▽

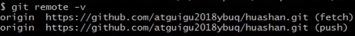 此时可以重新设置origin的地址为 git@github.com:atguigu2018ybuq/huashan.git,也可以新建一个远程库地址为origin_ssh,而不删除https的方式。
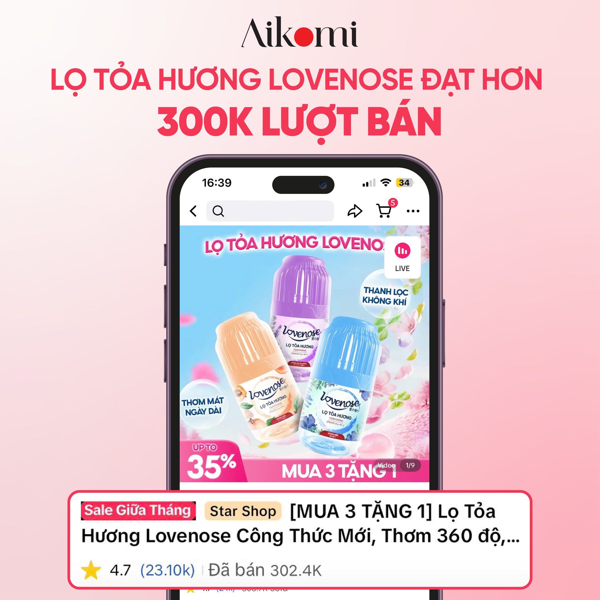 Lọ tỏa hương Lovenose – dòng sản phẩm khử mùi và lan tỏa hương thơm tự nhiên từ Aikomi – đã chính thức vượt mốc 300.000 lượt bán trên TikTok Shop. Con số không chỉ thể hiện hiệu quả của sản phẩm, mà còn là minh chứng rõ ràng cho sự tin tưởng mà người dùng dành cho thương hiệu trong suốt thời gian qua.
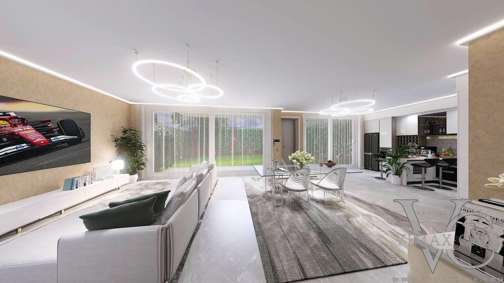 Un’unica, spettacolare zona living open space è abbracciata da grandi vetrate a tutt’altezza che inondano l’ambiente di luce naturale e offrono una vista immersiva sull’elegante giardino di proprietà.
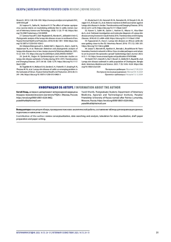 Заключение. Определена роль Ближневосточного региона в распространении возбудителя болезни, названы вероятные причины неблагополучия региона по данному заболеванию, сформулировано направление дальнейших действий в рамках борьбы с заразным узелковым дерматитом крупного рогатого скота.
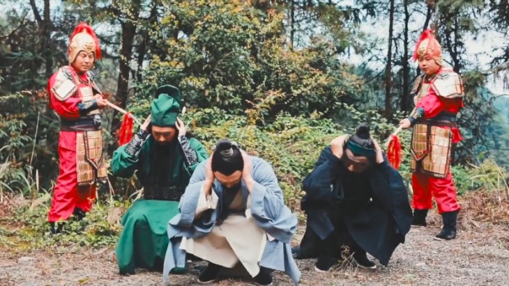 几年后,曹操再度征伐刘备,蜀国寡不敌众,兵败长坂坡,三人慌不择路去寻找军师在据点留下的汽车,却被埋伏的士兵抓捕。
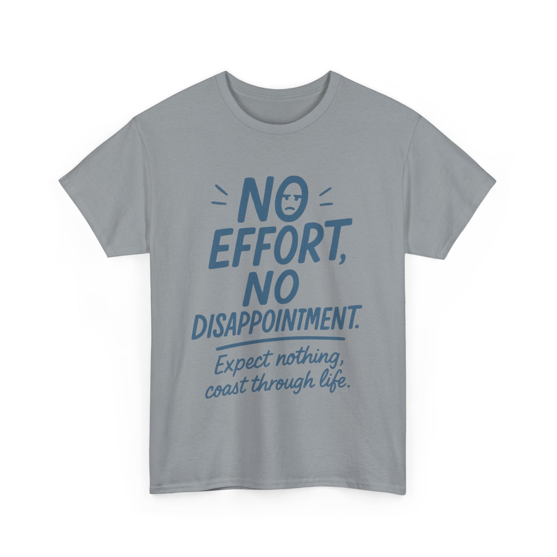 Introducing this Unisex Heavy Cotton Tee—a perfect blend of comfort and creativity. This tee features a delightful slogan that encapsulates a laid-back lifestyle: 'No Effort, No Disappointment.' It's designed for those who embrace humor and an easy-going attitude in life. Ideal for casual outings, lounging at home, or adding a funny twist to your wardrobe. This shirt perfectly suits friends, family, or anyone looking to make a light-hearted statement. Celebrate occasions like birthdays, holidays, or just enjoying everyday moments with a dose of fun! Product features - Shoulder tape stabilizes the back and prevents stretching. - Tubular knit design reduces fabric waste and enhances appearance. - Ribbed collar retains shape and adds elasticity. - Made with specially spun fibers for a smooth, durable fabric. - Dual printing techniques ensure high-quality, detailed designs. Care instructions - Non-chlorine: bleach as needed - Do not iron - Do not dryclean - Machine wash: cold (max 30C or 90F) - Tumble dry: low heat
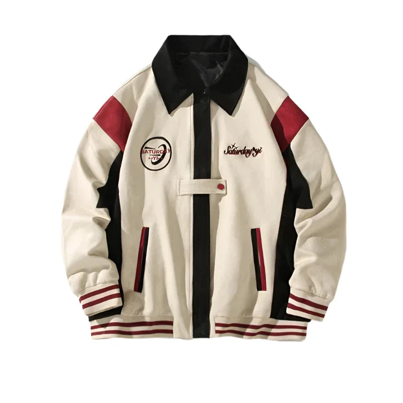 The Retro Status Varsity Jacket blends classic collegiate style with a modern twist. Featuring bold graphics and a sporty silhouette. this jacket adds a nostalgic touch to your streetwear. perfect for making a statement while staying stylish and comfortable.
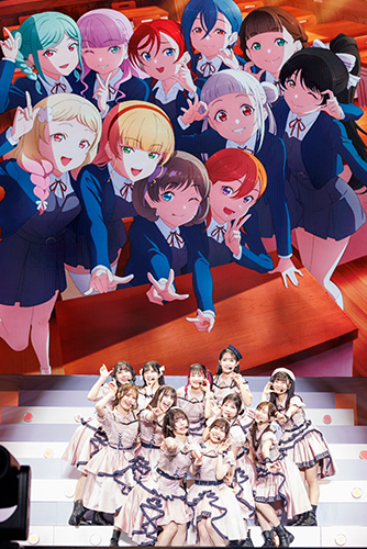 自己紹介の後、伊達が「『OPEN THE G☆TE!!!』からたくさん歌声を聴かせてくれてありがとう~!」と呼び掛け、横浜の雪を吹き飛ばす勢いで「What a Wonderful Dream!!」をトロッコに乗って歌唱。その後、鈴原、薮島、大熊、絵森、結那、坂倉の2期生・3期生6人で「High!モチベーション」をイキイキと歌唱し、会場中に元気を届けた。
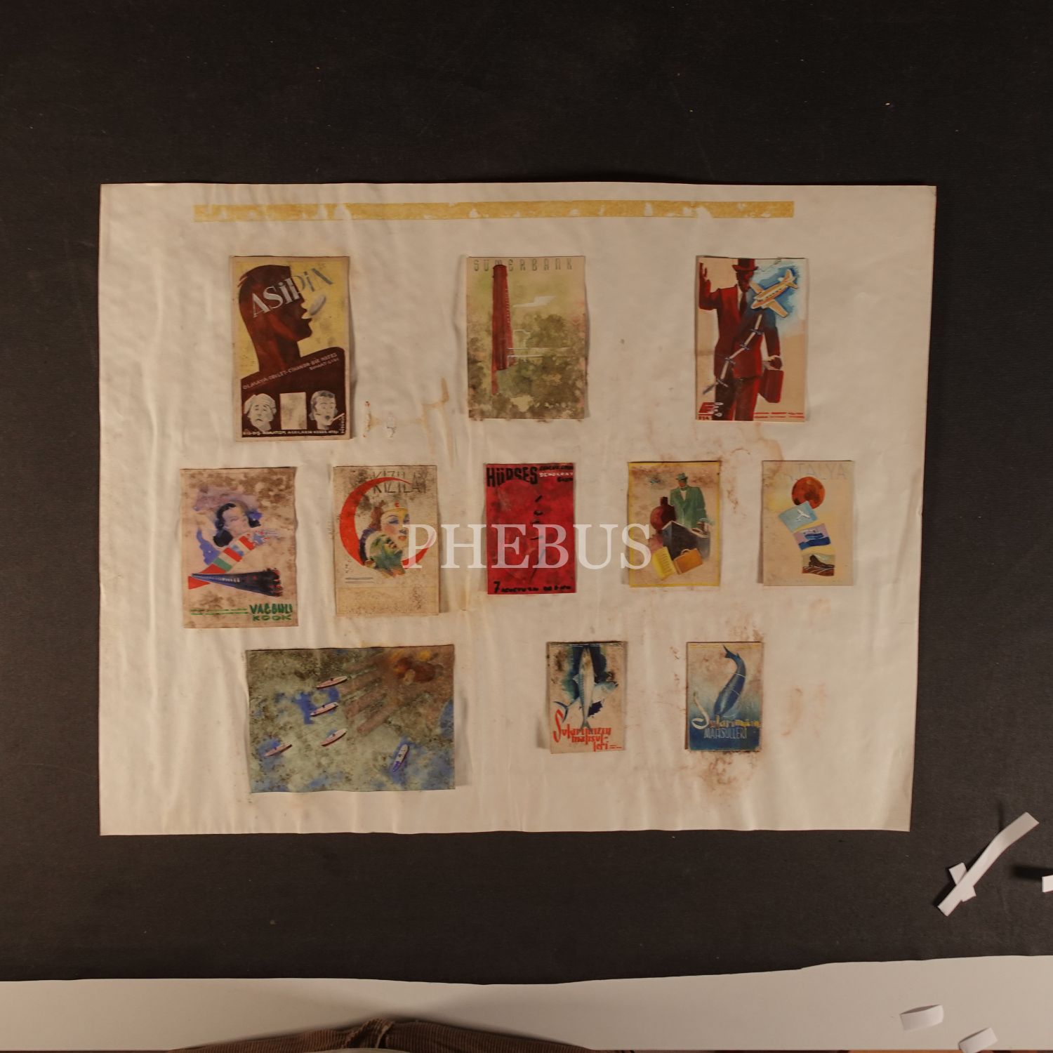 Lot içeriğinden başlık atılan çalışmalar: 1) Asipin 2) Sümerbank 3) Vagonli 4) Kızılay 5) Hürses (gazete) 6) Antalya 7) Sularımızın mahsulleri (2 adet)

△

__Exercise goal__. When you retype the listing, keep every line exactly as it is and drop the pictures.

__Solution to this exercise__.
 此时可以重新设置origin的地址为 git@github.com:atguigu2018ybuq/huashan.git,也可以新建一个远程库地址为origin_ssh,而不删除https的方式。
 Lọ tỏa hương Lovenose – dòng sản phẩm khử mùi và lan tỏa hương thơm tự nhiên từ Aikomi – đã chính thức vượt mốc 300.000 lượt bán trên TikTok Shop. Con số không chỉ thể hiện hiệu quả của sản phẩm, mà còn là minh chứng rõ ràng cho sự tin tưởng mà người dùng dành cho thương hiệu trong suốt thời gian qua.
 Un’unica, spettacolare zona living open space è abbracciata da grandi vetrate a tutt’altezza che inondano l’ambiente di luce naturale e offrono una vista immersiva sull’elegante giardino di proprietà.
 Заключение. Определена роль Ближневосточного региона в распространении возбудителя болезни, названы вероятные причины неблагополучия региона по данному заболеванию, сформулировано направление дальнейших действий в рамках борьбы с заразным узелковым дерматитом крупного рогатого скота.
 几年后,曹操再度征伐刘备,蜀国寡不敌众,兵败长坂坡,三人慌不择路去寻找军师在据点留下的汽车,却被埋伏的士兵抓捕。
 Introducing this Unisex Heavy Cotton Tee—a perfect blend of comfort and creativity. This tee features a delightful slogan that encapsulates a laid-back lifestyle: 'No Effort, No Disappointment.' It's designed for those who embrace humor and an easy-going attitude in life. Ideal for casual outings, lounging at home, or adding a funny twist to your wardrobe. This shirt perfectly suits friends, family, or anyone looking to make a light-hearted statement. Celebrate occasions like birthdays, holidays, or just enjoying everyday moments with a dose of fun! Product features - Shoulder tape stabilizes the back and prevents stretching. - Tubular knit design reduces fabric waste and enhances appearance. - Ribbed collar retains shape and adds elasticity. - Made with specially spun fibers for a smooth, durable fabric. - Dual printing techniques ensure high-quality, detailed designs. Care instructions - Non-chlorine: bleach as needed - Do not iron - Do not dryclean - Machine wash: cold (max 30C or 90F) - Tumble dry: low heat
 The Retro Status Varsity Jacket blends classic collegiate style with a modern twist. Featuring bold graphics and a sporty silhouette. this jacket adds a nostalgic touch to your streetwear. perfect for making a statement while staying stylish and comfortable.
 自己紹介の後、伊達が「『OPEN THE G☆TE!!!』からたくさん歌声を聴かせてくれてありがとう~!」と呼び掛け、横浜の雪を吹き飛ばす勢いで「What a Wonderful Dream!!」をトロッコに乗って歌唱。その後、鈴原、薮島、大熊、絵森、結那、坂倉の2期生・3期生6人で「High!モチベーション」をイキイキと歌唱し、会場中に元気を届けた。
 Lot içeriğinden başlık atılan çalışmalar: 1) Asipin 2) Sümerbank 3) Vagonli 4) Kızılay 5) Hürses (gazete) 6) Antalya 7) Sularımızın mahsulleri (2 adet)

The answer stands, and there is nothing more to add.